Steadily Sun-Times ceased to be a company that focused much on newspapers, and morphed into a litigation fund, and a bad one at that. Over the years Sun-Times has spent much more in fees to lawyers, advisers and investigators than it has recouped from Black, Radler et al. Even as the legal bills piled up, revenue went into free fall. No doubt the shifting sands of the media business played a roll in Sun-Times’ struggles. But only to a point. In the years since Black’s ouster, nearly hundreds of millions in shareholder value has been wiped out. Sun-Times filed for bankruptcy protection last year, yet still continues to blame Black for the disastrous state of its operations. In the company’s most recent annual report, Black, along with his wife Barbara, appear fully 90 times in the 115-page filing. The word “profit” shows up only twice. No wonder, last year Sun-Times lost US$344 million on revenue of $324 million.
As for Browne, who passed away in December, he told Maclean’s back in 2007 that if he had a chance to do it all over again, he’d take a pass. “It’s the old saying, you sleep with dogs, you wake up with fleas.”
Perhaps because things went so badly after Black’s ouster, because of his success at fighting his criminal convictions or because he has steadfastly refused to concede his guilt, Black has slowly begun to find a more sympathetic ear within the establishment circles he once roamed.

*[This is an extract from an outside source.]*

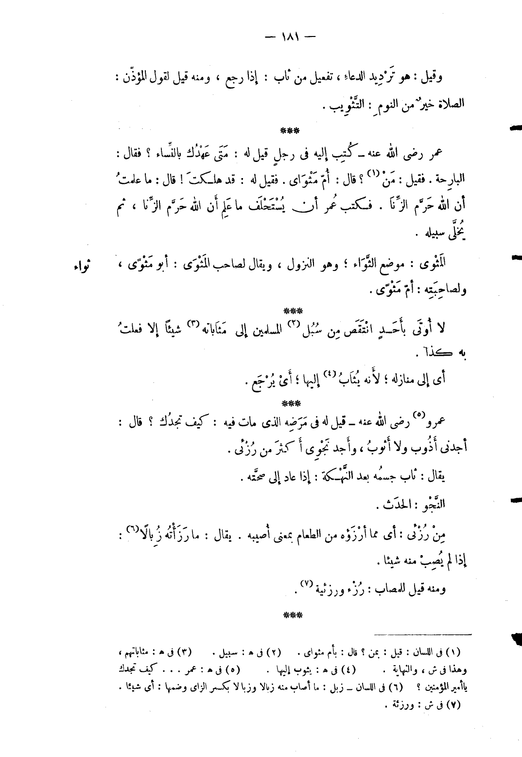 ثواء ولصاحبته: أم مثوى. لاأوتي بِأحد انْتقصَ من سبل الْمُسلمين إِلَى مثاباته شَيْئا إِلَّا فعلت بِهِ كَذَا. أَي إِلَى مَنَازِله لِأَنَّهُ يُثَاب إِلَيْهَا أَي يرجع بِهِ. عَمْرو رَضِي الله عَنهُ قيل لَهُ فِي مَرضه الَّذِي مَاتَ فِيهِ: كَيفَ تجدك قَالَ: أجدني أذوب وَلَا أثوب وأجدنجوى أَكثر من رزئي. يُقَال ثاب جِسْمه بعد النهكة: إِذا عَاد إِلَى صِحَّته. النجو: الْحَدث. من رزئي: أَي مِمَّا أرزؤه من الطَّعَام بِمَعْنى أصيبه. يُقَال: مارزأته زبالا: إِذا لم يصب مِنْهُ شَيْئا. وَمِنْه قيل للمصاب: رزء ورزئيه.

Hal Jackman, the former lieutenant-governor of Ontario and Black’s friend, who told a newspaper in 2003 Black had a “death wish” because of his apparent need to constantly push the envelope, still stands by his assessment, to a point. “I’ve know him for 20 or 30 years, and there’s probably a lot of things he should have done differently, but that’s all in the past,” he says. “I don’t quite see how anything can be served by keeping him locked up anymore.”